Atrás de portas fechadas,


à luz de velas acesas,
entre sigilo e espionagem,
acontece a Inconfidência.
E diz o Vigário ao Poeta:
“Escreva-me aquela letra
do versinho de Vergílio...”
E dá-lhe o papel e a pena.
E diz o Poeta ao Vigário,
com dramática prudência:
“Tenha meus dedos cortados
antes que tal verso escrevam...”
LIBERDADE, AINDA QUE TARDE,
ouve-se em redor da mesa.
E a bandeira já está viva,
e sobe, na noite imensa.
E os seus tristes inventores
já são réus — pois se atreveram
a falar em Liberdade
(que ninguém sabe o que seja).

Esses versos do Romanceiro da Inconfidência reproduzem o momento


de criação da bandeira dos inconfidentes, que se tornou a bandeira do es-
tado brasileiro de Minas Gerais.

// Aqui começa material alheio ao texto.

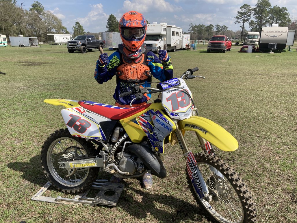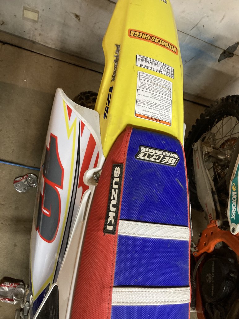 Anyway the bike ran when I got it but had been through some years of riding. I changed out bearings and tires. New grips and seat cover. A few new pieces of plastics, which a whole kit for this bike is 250!!!! So I painted the plastics yellow. Ordered some new graphics and I think it came out pretty cool. My little guy is hyped. I need a few more small things but I wanted to post a few pics.

Assim como os versos, a bandeira é rica em
símbolos. Seu triângulo representa ao mesmo tempo a Santíssima Trindade
e a razão defendida pelos filósofos iluministas, em quem os heróis mineiros
se inspiraram. A cor vermelha do triângulo remete à revolução, e os dizeres
“libertas quæ sera tamen” foram tirados das Bucólicas, do poeta latino Virgílio,
comumente traduzidos como “Liberdade ainda que tardia”.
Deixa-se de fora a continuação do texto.